> **ABOUT THIS EXERCISE**: Copy nothing but the lines below, from the one with "Червена дамска блуза" through the one with "- Insert the", exactly as written; no pictures should appear.

> **PROVIDED DATA**:
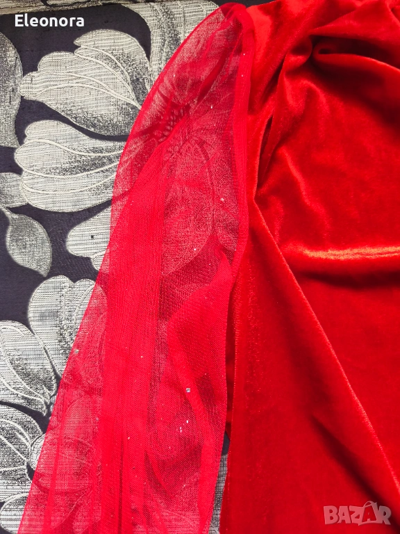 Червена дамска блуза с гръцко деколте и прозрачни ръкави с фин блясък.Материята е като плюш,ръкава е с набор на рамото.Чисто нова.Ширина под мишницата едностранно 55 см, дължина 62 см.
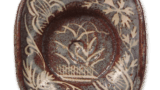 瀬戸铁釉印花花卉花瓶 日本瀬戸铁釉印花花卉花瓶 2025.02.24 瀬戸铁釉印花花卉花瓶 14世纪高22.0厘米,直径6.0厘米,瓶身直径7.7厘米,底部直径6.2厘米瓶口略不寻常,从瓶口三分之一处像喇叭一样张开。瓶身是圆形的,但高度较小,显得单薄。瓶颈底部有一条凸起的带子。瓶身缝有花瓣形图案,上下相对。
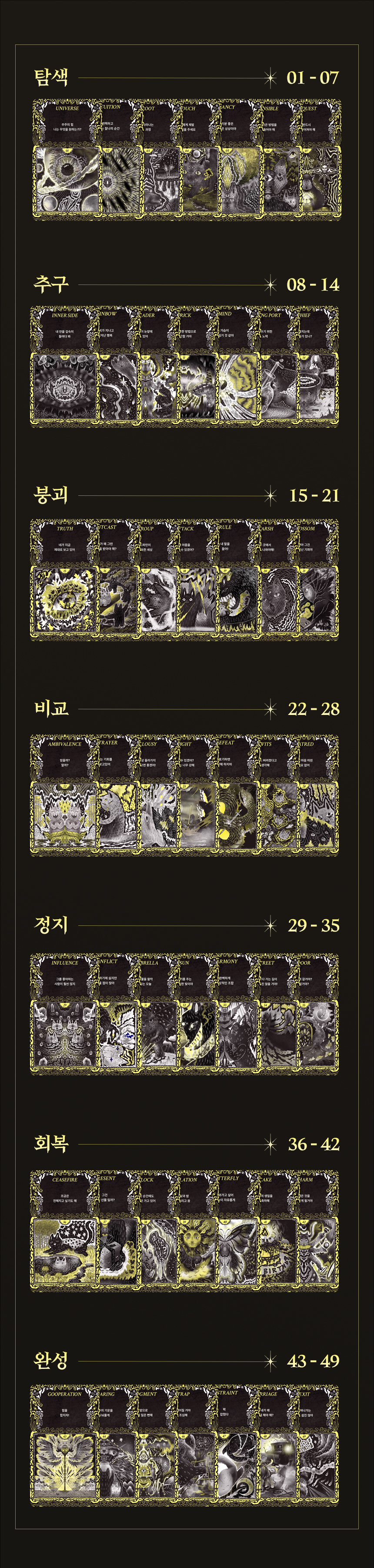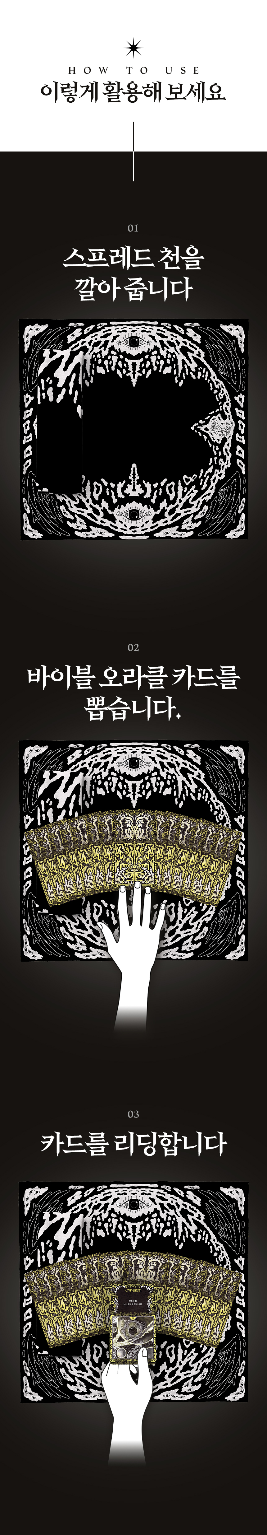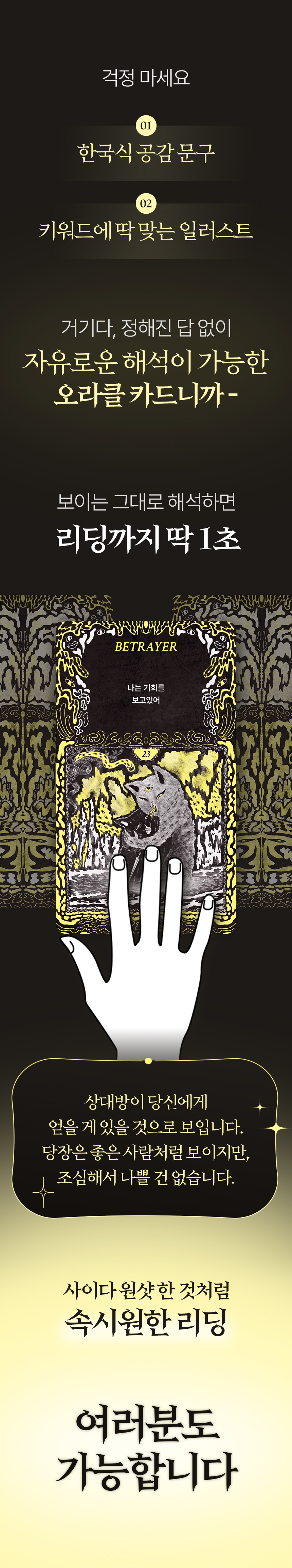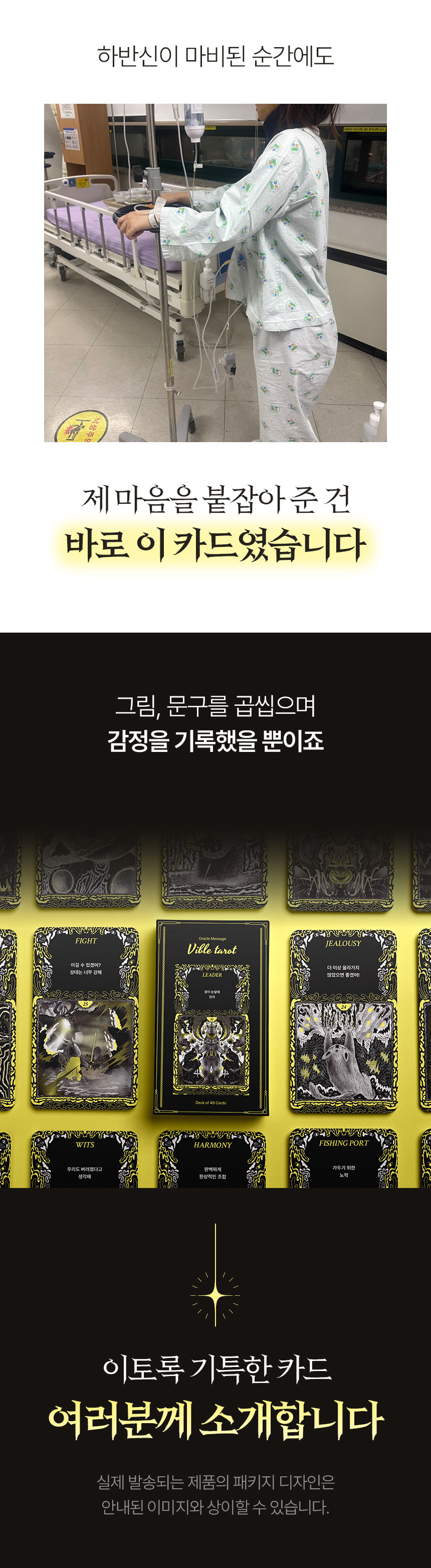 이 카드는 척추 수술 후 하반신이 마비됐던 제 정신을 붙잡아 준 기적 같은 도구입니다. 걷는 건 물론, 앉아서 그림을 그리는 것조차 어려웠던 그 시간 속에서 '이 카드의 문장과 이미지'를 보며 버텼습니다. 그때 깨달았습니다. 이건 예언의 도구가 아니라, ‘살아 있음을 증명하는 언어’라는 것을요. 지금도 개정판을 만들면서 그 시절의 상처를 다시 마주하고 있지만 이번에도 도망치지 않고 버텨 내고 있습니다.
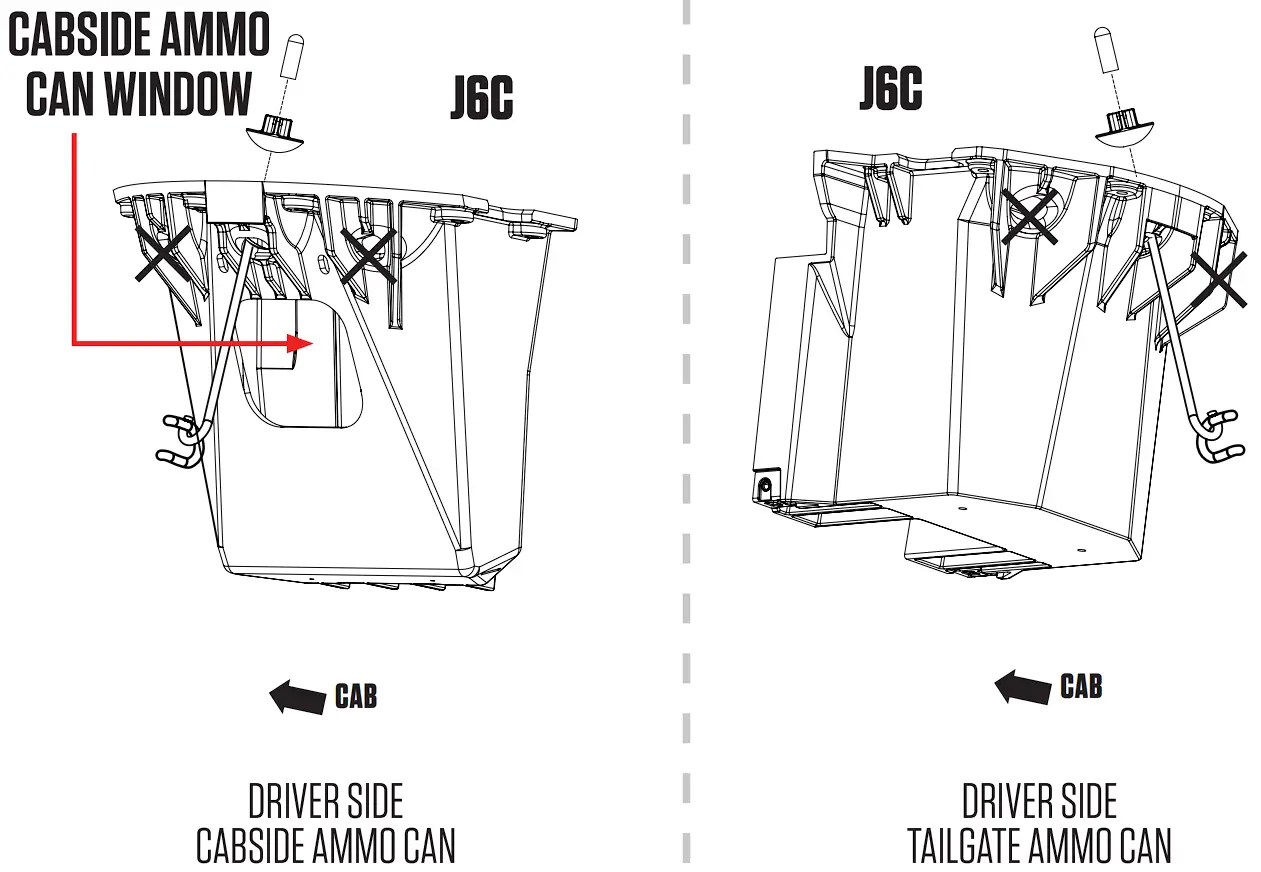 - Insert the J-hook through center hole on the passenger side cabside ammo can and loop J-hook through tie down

...

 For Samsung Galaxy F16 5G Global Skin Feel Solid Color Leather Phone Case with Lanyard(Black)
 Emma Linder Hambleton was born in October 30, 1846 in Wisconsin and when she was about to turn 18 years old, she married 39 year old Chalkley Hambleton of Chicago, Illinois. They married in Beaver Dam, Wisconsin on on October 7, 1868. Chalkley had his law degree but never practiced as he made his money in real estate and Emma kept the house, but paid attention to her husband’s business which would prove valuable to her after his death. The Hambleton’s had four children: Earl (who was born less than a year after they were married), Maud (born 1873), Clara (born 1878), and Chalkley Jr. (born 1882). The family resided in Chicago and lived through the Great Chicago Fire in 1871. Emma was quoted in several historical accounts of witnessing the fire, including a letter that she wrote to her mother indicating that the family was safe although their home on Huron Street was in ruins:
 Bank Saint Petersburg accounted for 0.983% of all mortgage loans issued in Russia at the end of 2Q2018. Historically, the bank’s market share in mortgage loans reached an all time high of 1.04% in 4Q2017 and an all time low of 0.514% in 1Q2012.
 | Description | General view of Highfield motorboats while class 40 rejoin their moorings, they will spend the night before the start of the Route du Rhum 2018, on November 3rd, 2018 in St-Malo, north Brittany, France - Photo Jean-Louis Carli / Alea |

> **ANSWER FOR THIS EXERCISE**:
 Червена дамска блуза с гръцко деколте и прозрачни ръкави с фин блясък.Материята е като плюш,ръкава е с набор на рамото.Чисто нова.Ширина под мишницата едностранно 55 см, дължина 62 см.
 瀬戸铁釉印花花卉花瓶 日本瀬戸铁釉印花花卉花瓶 2025.02.24 瀬戸铁釉印花花卉花瓶 14世纪高22.0厘米,直径6.0厘米,瓶身直径7.7厘米,底部直径6.2厘米瓶口略不寻常,从瓶口三分之一处像喇叭一样张开。瓶身是圆形的,但高度较小,显得单薄。瓶颈底部有一条凸起的带子。瓶身缝有花瓣形图案,上下相对。
 이 카드는 척추 수술 후 하반신이 마비됐던 제 정신을 붙잡아 준 기적 같은 도구입니다. 걷는 건 물론, 앉아서 그림을 그리는 것조차 어려웠던 그 시간 속에서 '이 카드의 문장과 이미지'를 보며 버텼습니다. 그때 깨달았습니다. 이건 예언의 도구가 아니라, ‘살아 있음을 증명하는 언어’라는 것을요. 지금도 개정판을 만들면서 그 시절의 상처를 다시 마주하고 있지만 이번에도 도망치지 않고 버텨 내고 있습니다.
 - Insert the J-hook through center hole on the passenger side cabside ammo can and loop J-hook through tie down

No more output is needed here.